Con todo, el juez no podía suspender la pena (excedía de los dos años y los delitos eran graves). Es decir, tenía que cumplirla sí o sí. Y el juez disponía de cinco años para ejecutarla. Ni un día más. De nada sirvieron los constantes escritos de las víctimas, los últimos con Concepción aún luchando contra el cáncer, y pidiéndole al juez que decretara de una vez la prisión y no hiciera más caso a los picarescos recursos de su progenitor. Primero pidió el indulto, que el juez avaló en parte aun cuando fue rechazado de plano por el Gobierno en 2012. Tres años duró este trámite.
Los dos años restantes los sorteó con la excusa de la prótesis y el hospital. Francesc necesitaba una prótesis para su rodilla y pidió al juez, con éxito, que demorara su ingreso en prisión hasta después de que pasara por el quirófano. Y se apuntó en la lista de espera. Pero las veces que le llamaron para operarle no atendió el teléfono del centro sanitario. Y los meses iban pasando. Cuando el juez supo, por las quejas de las víctimas, lo que estaba ocurriendo pidió explicaciones a Francesc. Pero este volvió a convencerle de que esperara más tiempo, que sufría sordera y no oía el teléfono. Los meses seguían pasando y el fantasma de la prescripción merodeaba. Luego se supo que él mismo había contactado con el hospital para que le pusieran el último en la lista; y que, en todo caso, no le llamaran antes de noviembre de 2014.
Las hijas del desdichado matrimonio, las hermanas Anna Francesca y Teresa, no cejaron en recordar al juez que debía actuar. El último escrito al juzgado lo elevaron en mayo de 2014. Y en él reiteraban Ana y Teresa las artimañas de su progenitor para escapar de la cárcel. Y, además, informaron al juez de que el cáncer se acababa de llevar a su madre, a Concepción.
Francesc consiguió finalmente lo que buscaba: se escapó por los pelos. Solo diez días fuera de plazo, siete años después de la primera sentencia, el juez decretó por fin su entrada en prisión, y ya sin posibilidad de recurso alguno. Ignoraba que se habían rebasado los cinco años. Era el 12 de noviembre de 2014. Roberto Rivera, el abogado, echó cuentas al instante y presentó un recurso directo ante la Audiencia de Barcelona, sin ni siquiera pasar por el juzgado, alegando que los delitos estaban prescritos. Y el tribunal le dio la razón. Y ya nada se podía hacer. Lo único que ejecutó el juez de su sentencia fue exigirle a Francesc que pagara a su exesposa, antes de morir, 6.500 euros por "las secuelas psíquicas" sufridas.

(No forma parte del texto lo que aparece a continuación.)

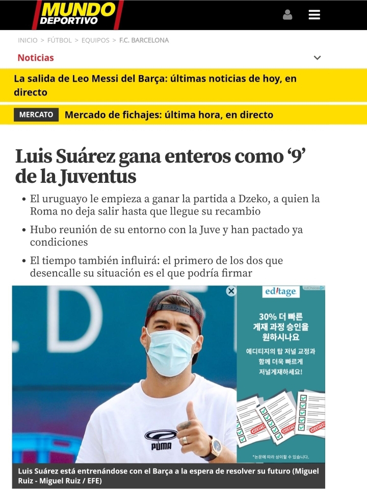 유벤투스의 새로운 9번으로 유력한 수아레스 (or 에딘 제코)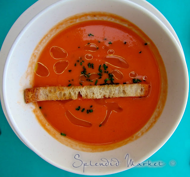The arrival of heirloom tomatoes in the market always inspires me to make Gazpacho. This spunky, refreshing soup seems to please most every palate. Now, after seeing how they serve it in Spain, I’m inspired to serve gazpacho with a fresh presentation…maybe I’ll offer a gazpacho “bar” with a variety of chunky options.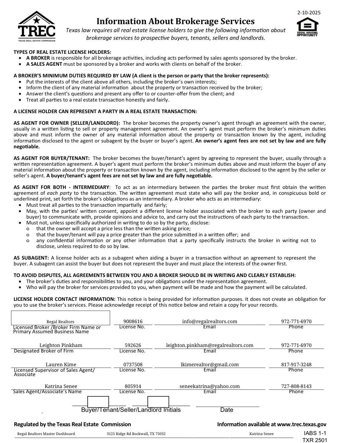 Information About Brokerage Services Texas Real Estate CommissionFind details on all things TREC in the PDF documents below. Subscribe Subscribe Subscribe Sign up with your email address to receive news and updates. Email Address Sign Up Thank you!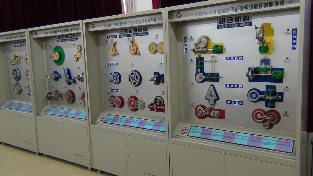 机械设计实验室配有机械设计语音多功能控制陈列柜10个、创意组合式铝轴系结构设计实验箱5套。可进行典型零件、联接、结构的演示分析及轴系结构的创意组合设计等实验项目。通过实验帮助学生形象认识机械零件的结构,理解机械运转原理,为学习机械设计相关课程及将来从事机械设计工作打下必要的实践基础。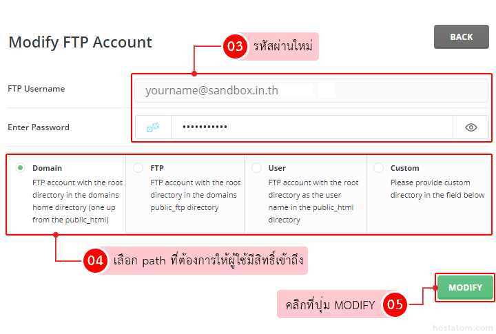 ในหน้า ModifyFTP Password ที่ FTP Username ให้ใส่ password ที่ต้องการเปลี่ยน และที่ Enter Password ใส่รหัสผ่านใหม่ จากนั้นเลือก path ที่ต้องการให้ผู้ใช้มีสิทธิ์เข้าถึง เมื่อเรียบร้อยแล้วให้คลิกที่ปุ่ม Modify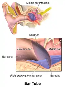 Inserting grommets is a common surgical procedure for treating children around the world.[1] Grommets are most commonly used to help improve hearing for children who have a condition commonly called "glue ear" (persistent otitis media with effusion) in both ears, and for preventing ear infections in children who have frequent middle ear infections.[1] Grommets are temporary and often fall out after 12–14 months as the ear heals.[2] Guidelines state that tubes are an option in: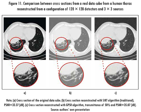 In addition, in Figure 11 reconstructed cross sections from a real data cube of a human patient thorax are shown. The configuration used for this slice was a detector matrix of 128 X 128 and 9 sources, and the compression ratio was 0.33 as it is shown in Figure 4b. Figure 11a shows a cross section of the original data cube. Figure 11b shows a cross section reconstructed with SIRT algorithm (Nyquist), PSNR=33.37 [dB]. Figure 11c shows a cross section reconstructed with GPSR algorithm, transmittance of 50% and PSNR=35.07 [dB].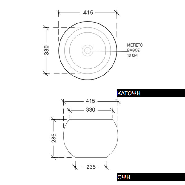 • Διαστάσεις (Μ x Π x Υ): Ø 41,5 x 28,5 cm
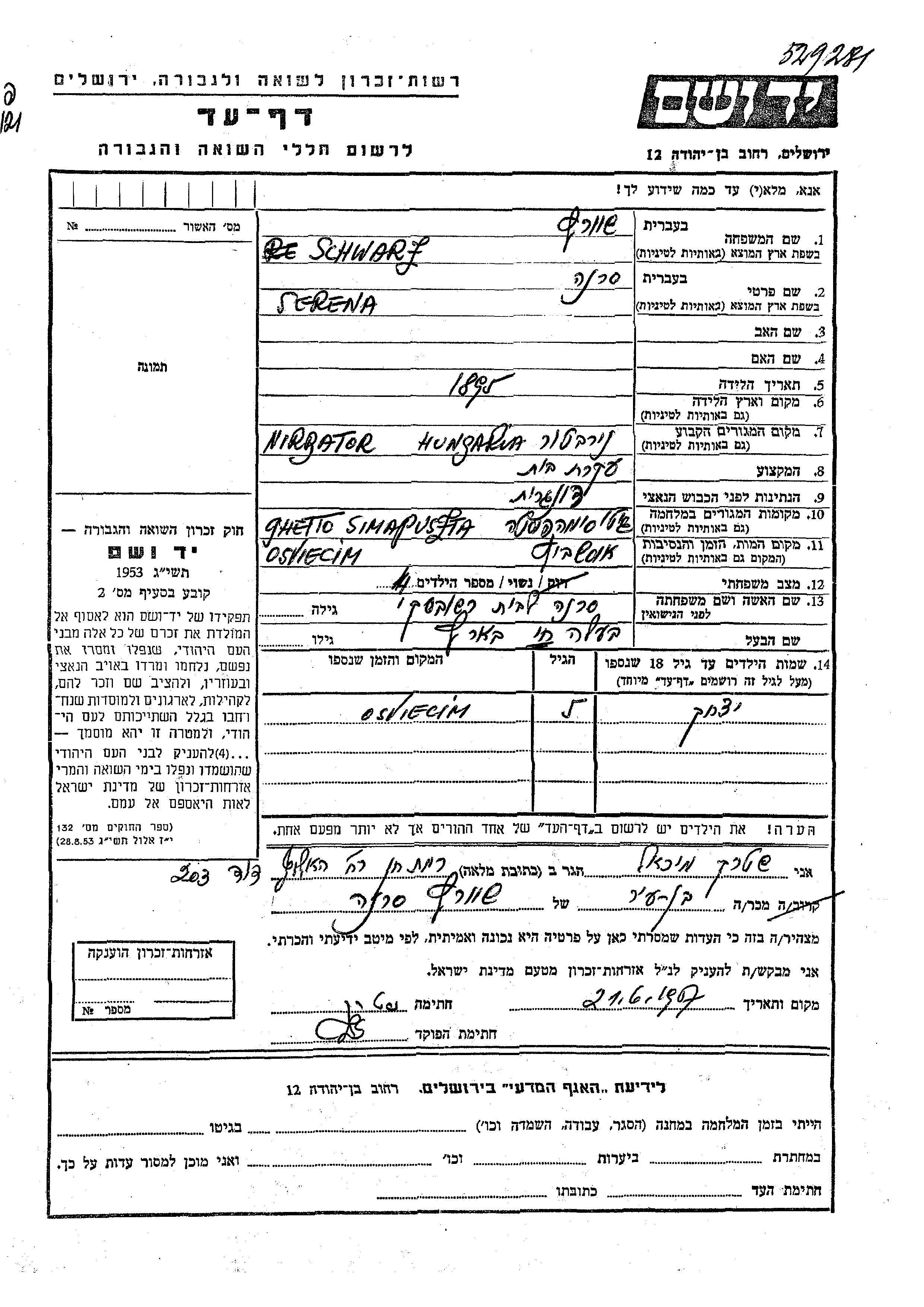 Yitzkhak Schwarz wurde Er war der Sohn von Serena, geb. Rashovski. Er war Kind. Vor dem Zweiten Weltkrieg lebte er in Nirbator, Ungarn. Während des Krieges war er in Simapuszta, Ungarn.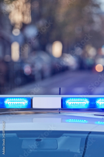 Police car with blue lights on the crime scene in traffic / urban environment.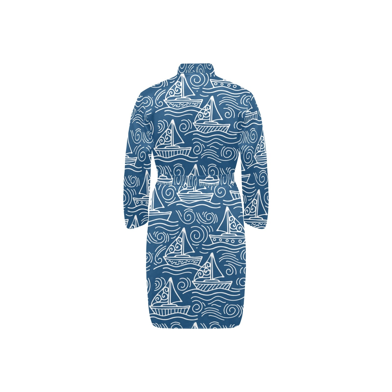 Hand drawn sailboat pattern Men's Long Sleeve Belted Night Robe

Las hijas no daban crédito a lo sucedido. Una de ellas había acabado la carrera de abogada y envió una queja al Consejo del Poder Judicial y al Ministerio de Justicia, por responsabilidad patrimonial del Estado. Y reclamando 7.500 euros de indemnización para ella e igual cantidad para su hermana, por los daños morales sufridos. El Consejo señala que no es competente para analizar las decisiones del juez (eso debe hacerlo un tribunal superior), si bien entienden que las víctimas tienen razón. La última palabra en lo que respecta a la indemnización la tiene el ministerio.
Los abogados (incluido el de las hermanas, que reside en Vic, Barcelona) no saben nada del actual paradero de Anna y Teresa. Creen que se fueron de Canovelles y les han perdido la pista. Se fueron de la zona con la tristeza de ver morir a la madre con su pena añadida. Aseguran en su escrito de denuncia ante el Consejo que la impunidad del padre aceleró su muerte. En la actualidad, Francesc Corts sigue en la masía, solo, sin familia cercana y con su horizonte carcelario disipado. A veces abandona la casa para ir a Granollers. Y, de vez en cuando, visita a su abogado. La última vez, le dijo: “No sé nada de mis hijas, no sé dónde están... Ni si tengo nietos, y me gustaría verlos... ¿Tengo derecho?". El letrado no le respondió.